**Dataset content**

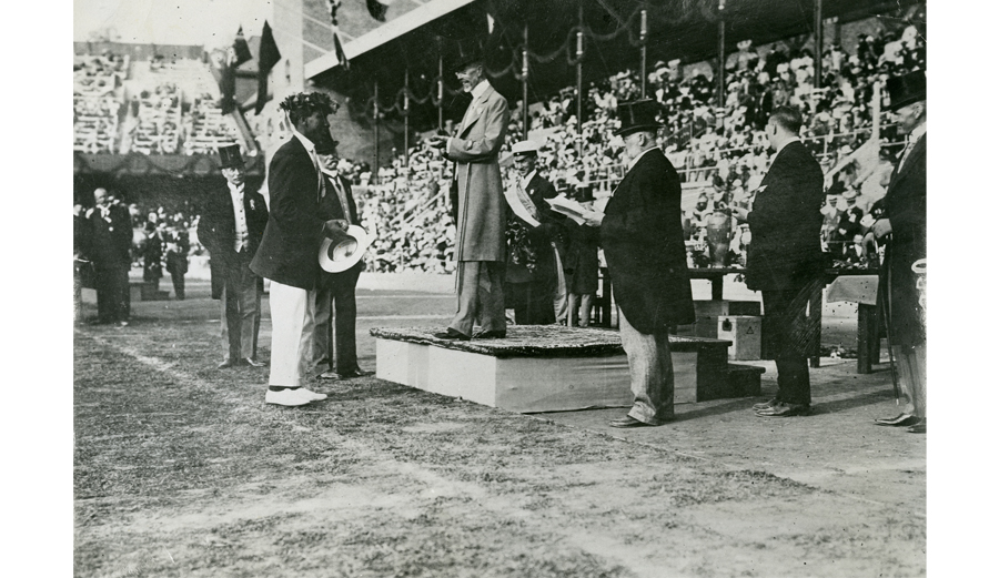 Duke receiving the gold medal from King Gustaf V at the 1912 Stockholm Olympics. Photo: James W. Gaddis.
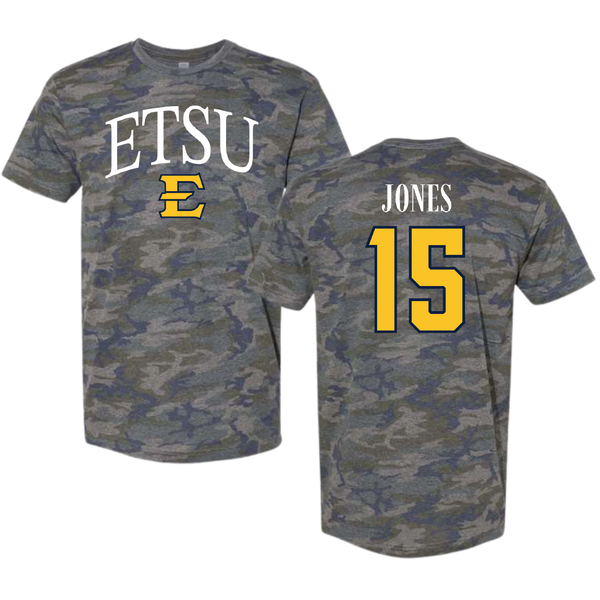 East Tennessee State University Basketball Vintage Camo Tee - #15 Jaxson Jones
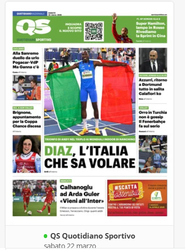 NewsCalcioIn Evidenza “Rassegna stampa” – Prime pagine sportive del 22 marzo By Giuseppe Sacco il Mar 22, 2025 - 07:00:38 0 Condividi In primo piano sui principali quotidiani sportivi nazionali Factory della Comunicazione CalcioNapoliRassegnaStampa 0 Condividi FacebookTwitterGoogle+ReddItWhatsAppPinterestE-mail
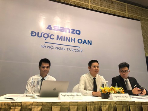 Chủ tịch Công ty CP Tập đoàn Asanzo- Phạm Văn Tam (giữa) chủ trì buổi họp báo tự minh oan ngày 17/9. |

**About this task**
Retype the data exactly as it stands, but keep the images out of your copy.

**Answer to this exercise**
 Duke receiving the gold medal from King Gustaf V at the 1912 Stockholm Olympics. Photo: James W. Gaddis.
 East Tennessee State University Basketball Vintage Camo Tee - #15 Jaxson Jones
 NewsCalcioIn Evidenza “Rassegna stampa” – Prime pagine sportive del 22 marzo By Giuseppe Sacco il Mar 22, 2025 - 07:00:38 0 Condividi In primo piano sui principali quotidiani sportivi nazionali Factory della Comunicazione CalcioNapoliRassegnaStampa 0 Condividi FacebookTwitterGoogle+ReddItWhatsAppPinterestE-mail
 Chủ tịch Công ty CP Tập đoàn Asanzo- Phạm Văn Tam (giữa) chủ trì buổi họp báo tự minh oan ngày 17/9. |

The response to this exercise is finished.